Bravery actually lies in continuing to believe and push on with your dream when all the signals and distractions around you try to blow you off course and tell you to turn back. Find a way to keep moving forward and adjust accordingly so that when the right moment appears you can go full throttle once again. It’s about belief and persistence – not risk and obstinance.
REFINE AND IMPROVE
Don’t spend too much time and effort on an idea that’s been rejected, but do take the time to question it, stress test it, and see if there’s some way that it could have been presented better.
Does it really suit your client’s culture and objectives? Is there a good reason they rejected it besides its novelty factor? Your idea has weaknesses – all ideas do – so take some time to find them and make it stronger. Removing as many of the barriers and reasons for any client to say no is as important as the idea itself.
BUILD A PROTOTYPE
Really confident in your idea? Build a prototype. A working demonstration of a story, idea, or experience is especially useful with innovation that no one has ever seen before. When clients can see and feel something, it’s much better than looking at it in a PowerPoint or listening to a protracted, drawn-out explanation.
Building prototypes is not necessarily as onerous and large an investment as it once was – lo-fi, functional mock-ups of Post-it note schematics can be enough. If you put something in their hands that they can see and feel, you’ll have a much better chance of getting it made.

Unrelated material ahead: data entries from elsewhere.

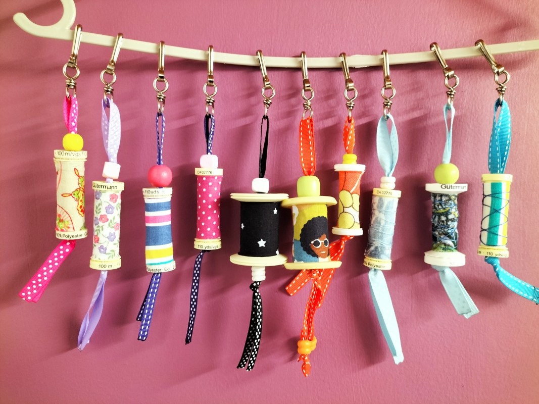 En faire un puis en faire deux puis finir par faire une série de porte-clés avec des bobines de fils recyclés parce qu’une fois lancée difficile de s’arrêter…
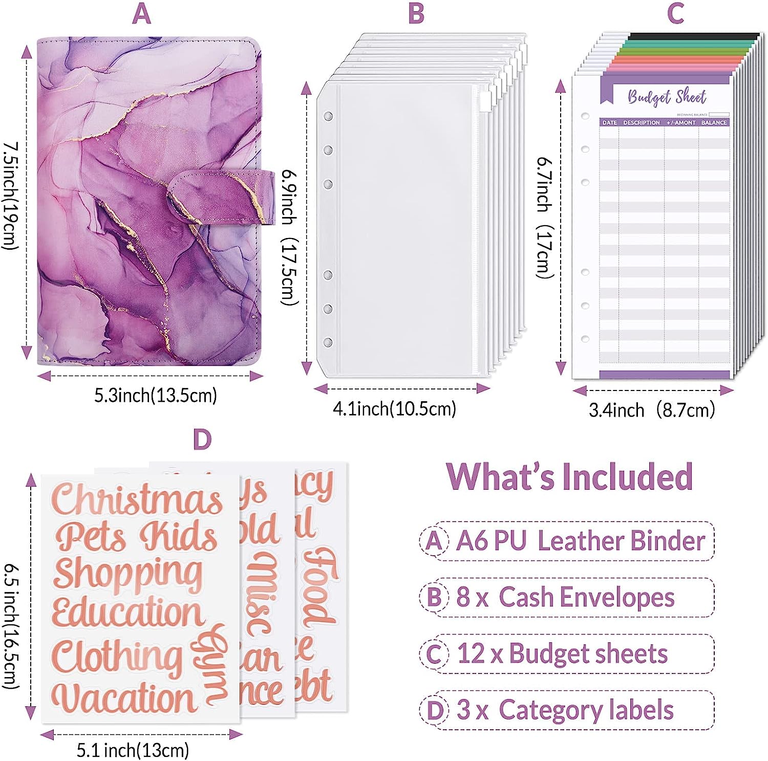 · Category Stickers & Budget Sheet: Money binder with category stickers and
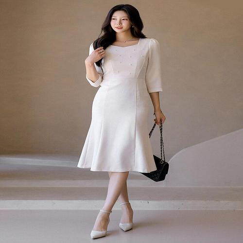 [스타일온미][스타일온미] 우아한 하트넥 진주 디테일 슬림 머메이드 라인 롱 원피스
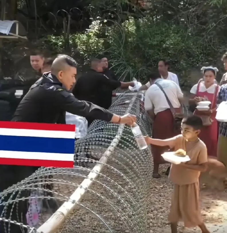 泰国黑衣特种部队,为柬埔寨平民发放食物和水,泰军表示不打平民只打军事基地 打仗只
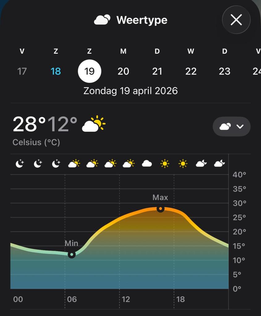 Vandaag, zaterdag 18 april, staat ons een zonnige en warme dag te wachten met temperaturen van 29 graden! Het begint ’s ochtends half bewolkt met 14 graden en die temperatuur gaat gestaag oplopen. Dat wordt de eerste dag al gelijk behoorlijk smeren!
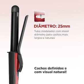 Informações Adicionais do Produto: O revestimento cerâmico distribui o calor de maneira uniforme e garante proteção aos fios durante a modelagem. Resultado duradouro, brilhante e sem frizz. O tubo com diâmetro de 25mm proporciona cachos mais largos e naturais. A temperatura constante de 210°C é ideal para modelar o cabelo com facilidade e rapidez. O suporte de apoio permite que você apoie o modelador durante o uso com mais segurança. O fio é giratório e não enrola durante o uso.
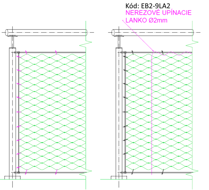EB2-0225-1.4-60x104 Lanková sieť, 1,4 x 25 m, oko 60 x 104 mm, ø 2 mm, AISI 316
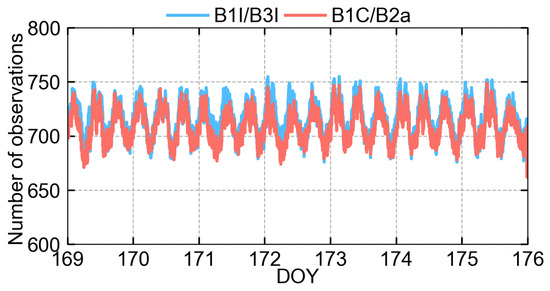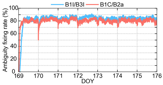 Figure 4 presents the standard deviations (STDs) of the daily mean satellite WL and NL UPDs. It can be observed that the stability of the WL UPDs is better when utilizing the B1I/B3I signal, while the STDs of the NL UPDs estimated using the B1C/B2a signals present better performance. The WL and NL wavelengths of B1I/B3I signals amount to 1.025 and 0.106 m, respectively, while they amount to 0.751 and 0.109 m for B1C/B2a signals, respectively. A larger wavelength implies less sensitivity of the integer ambiguity fixing to the measurement noise and mis-modeled effects. The mean STD of the NL UPDs is 0.122 cycles for B1I/B3I, and 0.081 cycles for B1C/B2a signals, showing better stability of the NL UPDs estimated from the B1C/B2a signals. Although the NL wavelength of these two signal combinations is nearly identical, the NL UPD stability using B1C/B2a is superior, which could be caused by its better observation quality [12,35]. Moreover, the STDs are larger on DOY 170 than on other days for both the WL and NL UPDs, which could be caused by the convergence problems during the initial processing time.
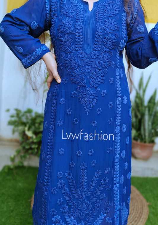 Janiye Metallic blue Premium Silk Chikankari Luxurious Look Kurta
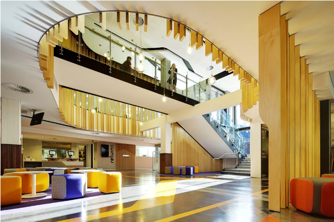 与庄重古朴的西澳大学校园不同,科廷大学的校园设计追求 现代感 与 科技感 ,高耸的一栋栋教学楼外,却又装点着充满艺术气息的涂鸦墙,以及 仿佛绒毯一般的 大片绿色草地,让整个校园都充满了无限活力。

A further benefit of prototypes is that you see your idea for the first time too. That further allows you to understand its strengths and weaknesses on a deeper level, and how you can make it work even better.
SHOP AROUND
Don’t continually return to the same people with the same idea. Look for different contexts or teams to present it to. If you have a big account, you may be able to sell it to a different geography or a different product in the brand portfolio. If you are a smaller agency, there may be a non-competitive client that could use a modified version of the idea. A change in context could be all you need to sell it through the next time.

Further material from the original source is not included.